Kommentar: Yann Aurel Bisseck kann bei Inter zum großen Star heranreifen
Yann Aurel Bisseck ist wahrscheinlich das größte goldene Ei, welches Aarhus GF in den letzten 20 Jahren ausgebrütet hat. 7 Millionen Euro werden als Ablösesumme genannt. Viel Geld für einen dänischen Mittelständler. Und obwohl man enormen Profit machte: Die Aarhus-Fans werden dem deutschen Schrank etliche Tränen nachweinen.
Seit Leon Andreasen hat kein Defensivspieler mehr die oft geschundenen AGF-Fans derart verzaubert. Kein Wunder, denn ein einziger Blick auf die Statistiken des 1,96-Meter-Mannes räumt eigentlich sämtliche Zweifel aus dem Weg: Dieser Mann ist zu höheren Aufgaben berufen.
Von der Superliga wurde er in die Mannschaft des Jahres berufen. Achtmal wurde er in das Team der Runde gewählt. Außerdem erzielte er das Tor der Saison.
Nach einer Ping-Pong-Aktion krönte er gegen Lyngby einen unnachahmlichen Sturmlauf mit einem satten Schuss in den Winkel. Ein Tor, das auch seine offensiven Qualitäten unter Beweis stellte.
Richtige taktische Rolle muss gefunden werden
Inter hat einen Spieler gekauft, der mit Sicherheit gut genug für die Serie A ist. Wenn man sich in den notorisch skeptischen italienischen Sportmedien umschaut, wird klar, dass große Unsicherheit darüber herrscht, wie Bisseck der Mannschaft weiterhelfen soll. Die Fans der Nerazzurri sollten sich keine Sorgen machen. Die Ablöse von 7 Millionen Euro könnten sich noch als echtes Schnäppchen erweisen.
Bisseck profitiert davon, wenn ihm auf dem Platz Freiheiten gewährt werden. Wenngleich seine physische Statur den Anschein erweckt, er sei der perfekte Abräumer – seine eigentlichen Fähigkeiten kommen erst dann zur Geltung, wenn er nicht von dutzenden Anweisungen und taktischen Vorgaben in die Irre geführt wird.

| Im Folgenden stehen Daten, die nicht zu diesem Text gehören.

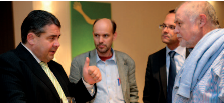
Sigmar Gabriel im Gespräch mit Bürgern und Kreisrat Gernot Gruber zum Thema notwendige Konsequenzen aus der Finanzmarktkrise

Der 22-Jährige liebt es, auf der halblinken Position in einer Dreierkette zu spielen. Dort gelingen ihm außergewöhnliche Vorstöße, dort kommt auch sein hohes Tempo zur Geltung. Auch seine Qualitäten im Pressing prädestinieren ihn für eine weniger zentrale Grundposition. Als zentraler Baustein einer Dreierkette würden seine Vorstöße und Attacken schnell zu Lücken im Abwehrverbund führen.
Grundsätzlich passt er also in das System von Inter Mailand. Und Simone Inzaghi ist Taktikfuchs genug, um die wahren Stärken von Bisseck erkannt zu haben und sie gewinnbringend einzusetzen. Trotzdem wird sich Bisseck in der sehr taktisch geprägten Serie A weiterentwickeln müssen, mehr mitdenken müssen als in der dänischen Liga.
Inter wird ihm die nötige Zeit geben, sich anzupassen
Die nötige Intelligenz und Anpassungsfähigkeit hierfür bringt das einstige Kölner Eigengewächs mit Sicherheit mit. Schon mit 16 Jahren machte er sein Abitur, neben seiner Fußballkarriere betreibt er ein Fernstudium in Medien- und Sportmanagement an der Kölner Universität.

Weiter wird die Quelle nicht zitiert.